Grace, que nunca había estado tan enamorada, intentó no perder la cabeza y que no se notase que estaba a punto de desmayarse de felicidad.

—¿De verdad? —preguntó—. ¿Por qué?

—Dentro de diez días regreso a Oriente Medio. La guerra está a punto de empezar, puede pasar cualquier cosa, y necesito un hijo.

—Qué práctico eres.

—Sí. Soy francés. «Mais après le mariage / mince de nettoyage, / La belle-mère! / on s’assied dessus!» —cantó. Siempre cantaba trocitos de canciones como éste. —Pero, desgraciadamente, no tendrás una belle-mère. Murió, la pobre, hace muchos años.

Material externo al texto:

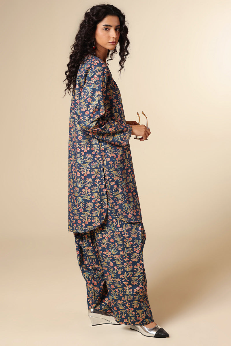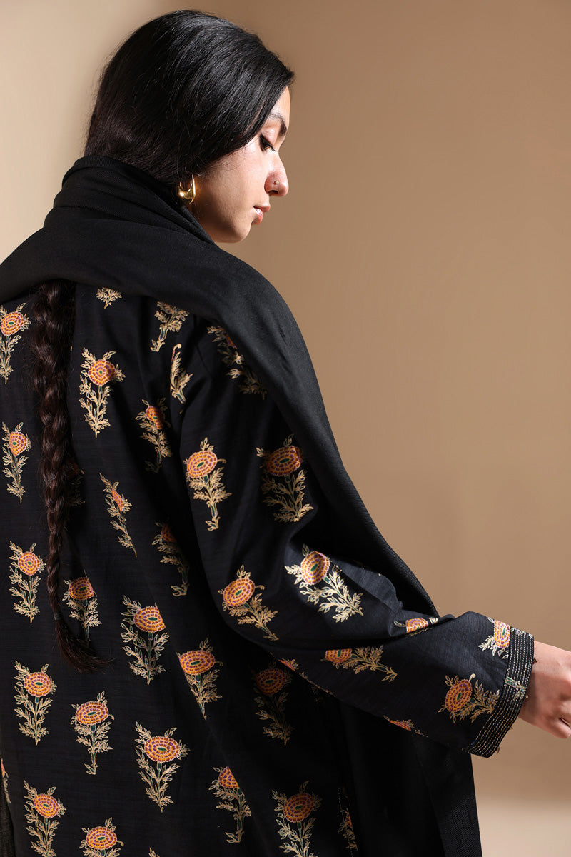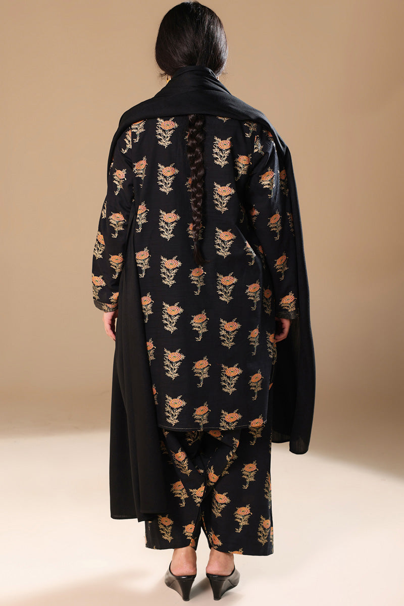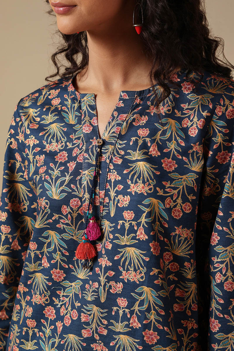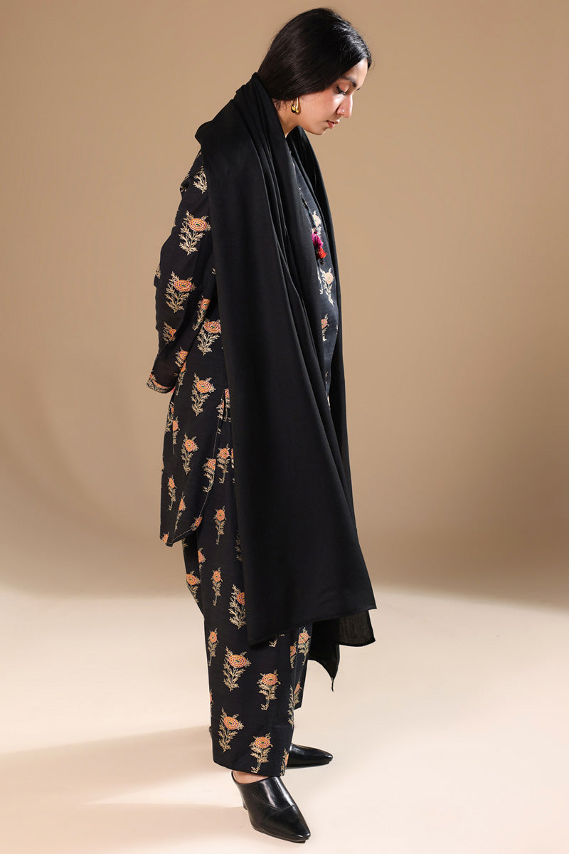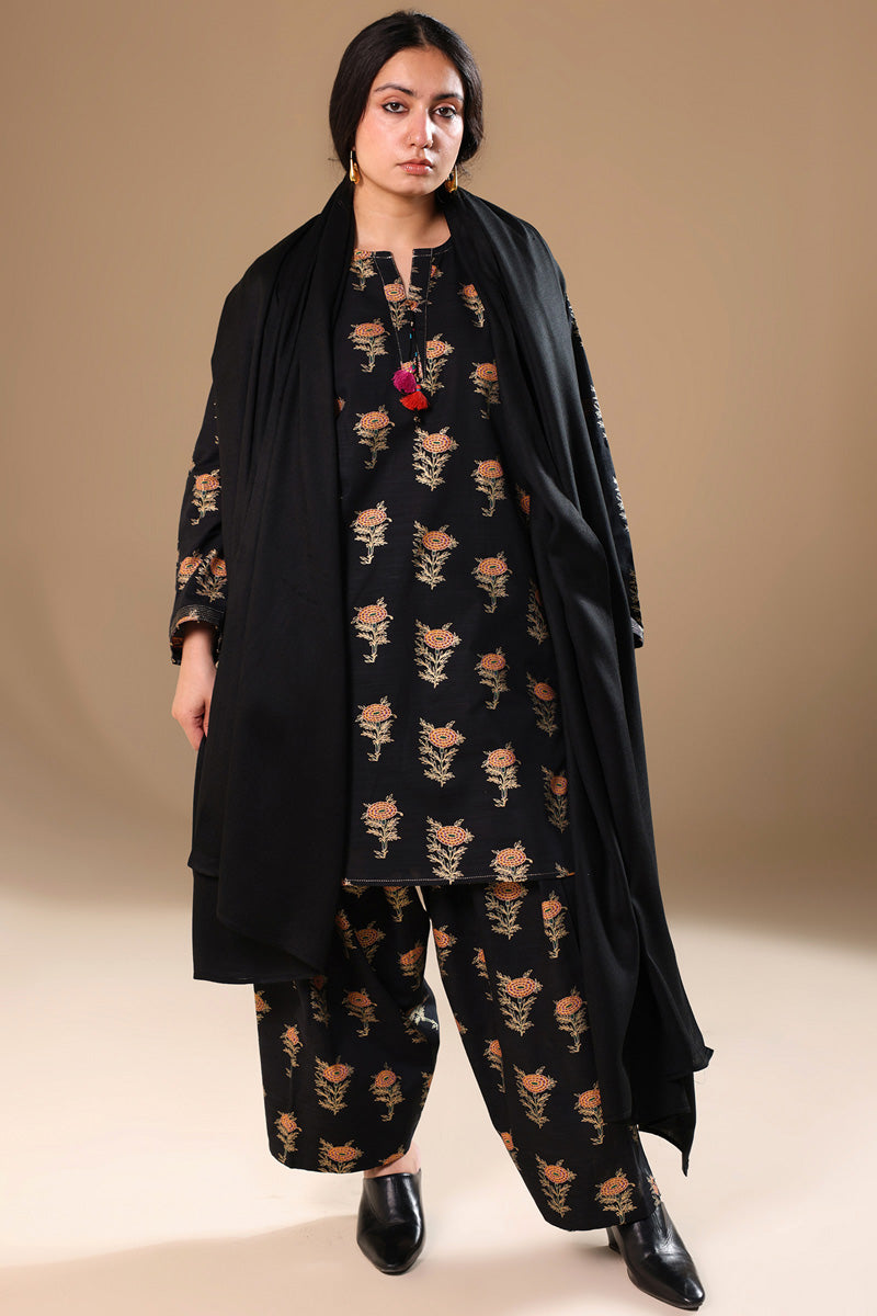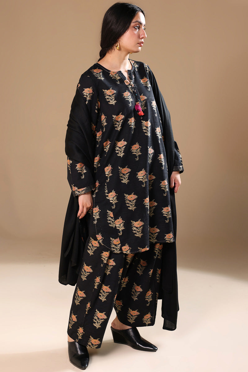 A classic-fit gold-printed shirt with a round neckline and V-slit, adorned with tassel detailing and bead accents on the sleeve hems. Finished with a round hem and paired with a matching printed classic shalwar.

—Debo recordarte que estoy prometida a otra persona.

—Debo recordarte que tu comportamiento de un tiempo a esta parte no ha sido el de una prometida fiel.

—Un poco de coqueteo no significa nada en absoluto. Estoy prometida y no hay más que hablar.

—Prometida, sí. Pero casada y enamorada, no.

—Encariñada.

—¿Ah, sí?

—¿De verdad viste a Hughie en El Cairo?

—Le encontré muy soso. Dijo: «¿Vas a Londres? Visita a Grace». No parece muy inteligente por su parte. Así que te visité. Es un tipo aburrido.

—Muy guapo.

—Sí. ¿Qué te parece el miércoles?

—¿El miércoles qué?

—La boda. Ahora tengo que ir a hablar con tu padre, ¿dónde lo puedo encontrar?

—A estas horas estará en la Cámara de los Lores.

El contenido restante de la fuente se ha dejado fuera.